(Data excerpts)
########################################

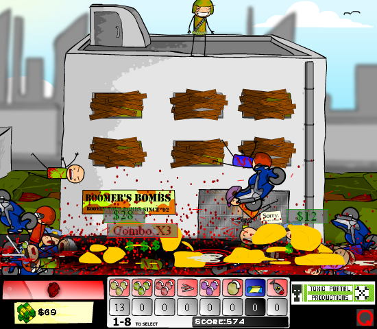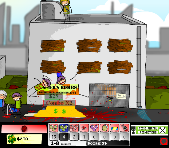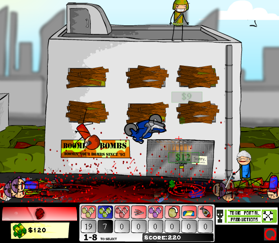Between levels, players spend their hard-earned cash on new explosives and health pills to stave off Boomer’s fatal heart attacks. The lack of a strict timer encourages experimentation—try out a grenade combo or mix in Landmines with Super Grenades for chaotic chain reactions. At the same time, you must prevent too many civilians from slipping by; let the heart meter fill, and it’s game over. This risk-reward system adds a constant strategic tension that keeps each stage engaging.
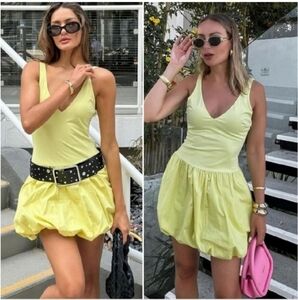 New Zara Mixed Ballon Yellow Mini Dress NWOT Size XS Blogger Influencer Favorite
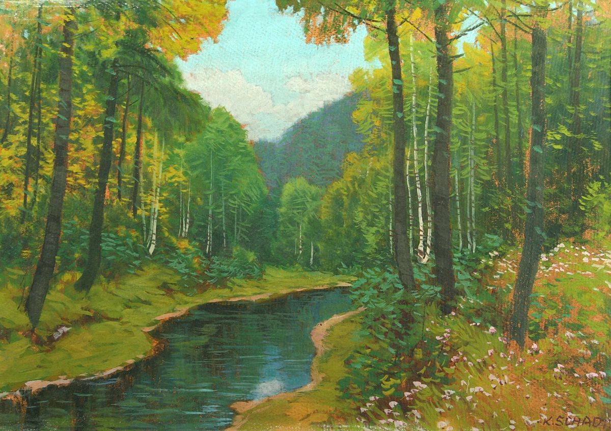 obraz letní krajiny s říčkou, olej na kartonu, 34 x 48 cm s rámem 50 x 64 cm, autor Karel Schadt, podepsáno vpravo dole K. Schadt, vzadu autorský štítek s dedikací, rámováno v původním zdobeném rámu
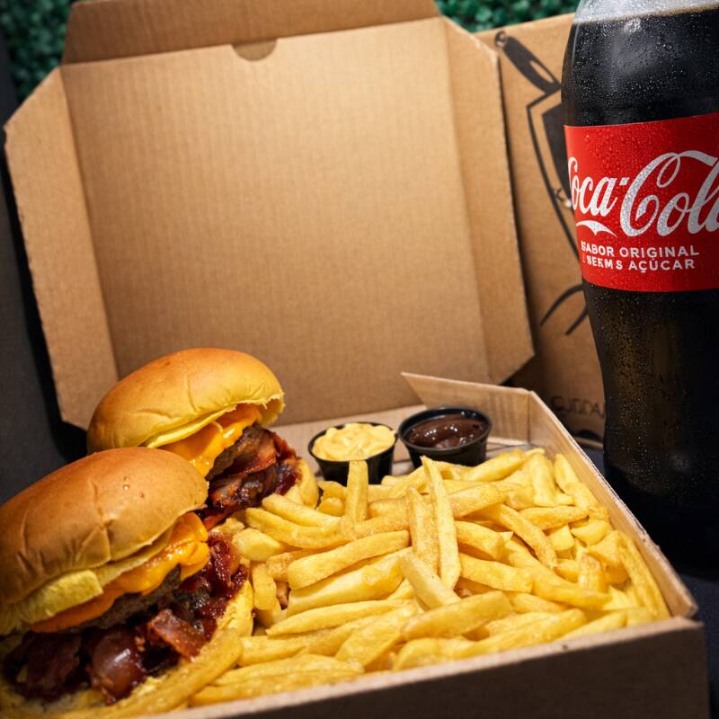 2 hambúrgueres duplos, feitos na churrasqueira, com 2 carnes de 60g cada por hambúrguer, cheddar derretido, bacon crocante e molho barbecue especial 😋🔥 Acompanha: 🍟 500g de batata frita 🥤 Refrigerante 1,5L
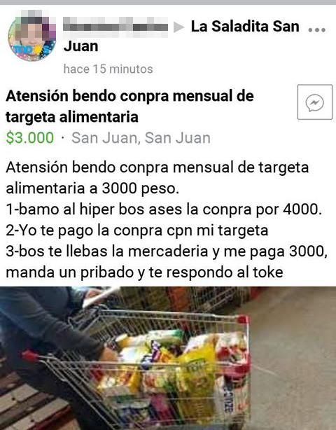 Indignación provocó la publicación de una mujer sanjuanina en un grupo de compra y venta de Facebook. Es que según ella misma publicó,  vende la compra mensual de su tarjeta alimentaria para recibir el dinero en efectivo.
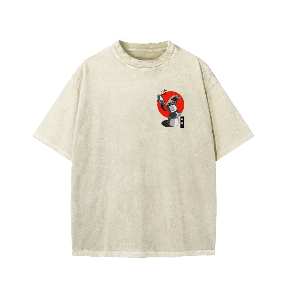 Kanagawa Coffee Front And Back Printing Washed T-shirt
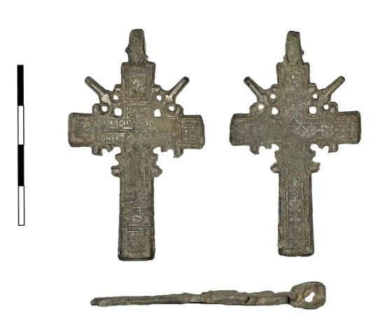 При раскопках во дворе усадьбы Матвеевских (Советский переулок, 5) археологи сделали редкую находку —нательный крест-тельник, которому около 300 лет.
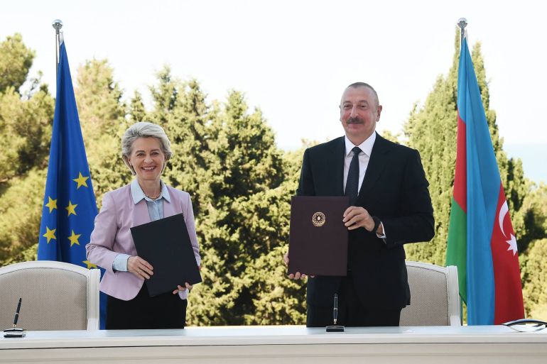 She said the European Union is seeking to double gas imports from Azerbaijan as it seeks non-Russian suppliers after Moscow’s invasion of Ukraine.
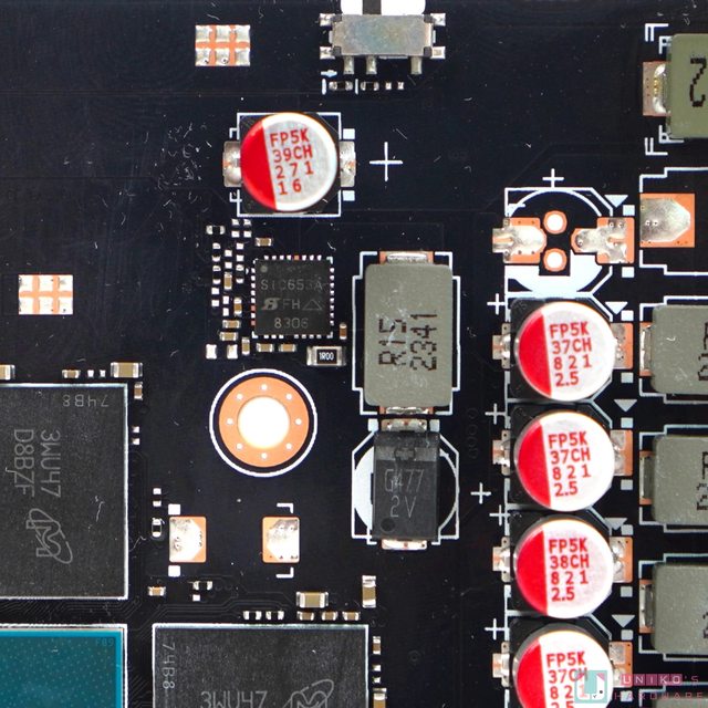 ‧供電模組、供電電感、輸入電容、輸出電容等等,甚至是 16-PIN 的輸入電感,技嘉都沒
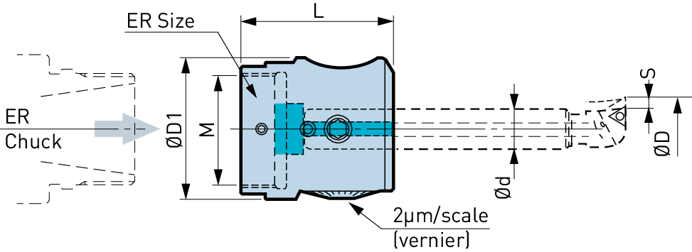 Fine boring head in integral, modular, and screw-on execution for the precise machining of bores.

########################################

* Work instruction *
Once the pictures are set aside, output all of the data above verbatim.

* Answer below *
Between levels, players spend their hard-earned cash on new explosives and health pills to stave off Boomer’s fatal heart attacks. The lack of a strict timer encourages experimentation—try out a grenade combo or mix in Landmines with Super Grenades for chaotic chain reactions. At the same time, you must prevent too many civilians from slipping by; let the heart meter fill, and it’s game over. This risk-reward system adds a constant strategic tension that keeps each stage engaging.
 New Zara Mixed Ballon Yellow Mini Dress NWOT Size XS Blogger Influencer Favorite
 obraz letní krajiny s říčkou, olej na kartonu, 34 x 48 cm s rámem 50 x 64 cm, autor Karel Schadt, podepsáno vpravo dole K. Schadt, vzadu autorský štítek s dedikací, rámováno v původním zdobeném rámu
 2 hambúrgueres duplos, feitos na churrasqueira, com 2 carnes de 60g cada por hambúrguer, cheddar derretido, bacon crocante e molho barbecue especial 😋🔥 Acompanha: 🍟 500g de batata frita 🥤 Refrigerante 1,5L
 Indignación provocó la publicación de una mujer sanjuanina en un grupo de compra y venta de Facebook. Es que según ella misma publicó,  vende la compra mensual de su tarjeta alimentaria para recibir el dinero en efectivo.
 Kanagawa Coffee Front And Back Printing Washed T-shirt
 При раскопках во дворе усадьбы Матвеевских (Советский переулок, 5) археологи сделали редкую находку —нательный крест-тельник, которому около 300 лет.
 She said the European Union is seeking to double gas imports from Azerbaijan as it seeks non-Russian suppliers after Moscow’s invasion of Ukraine.
 ‧供電模組、供電電感、輸入電容、輸出電容等等,甚至是 16-PIN 的輸入電感,技嘉都沒
 Fine boring head in integral, modular, and screw-on execution for the precise machining of bores.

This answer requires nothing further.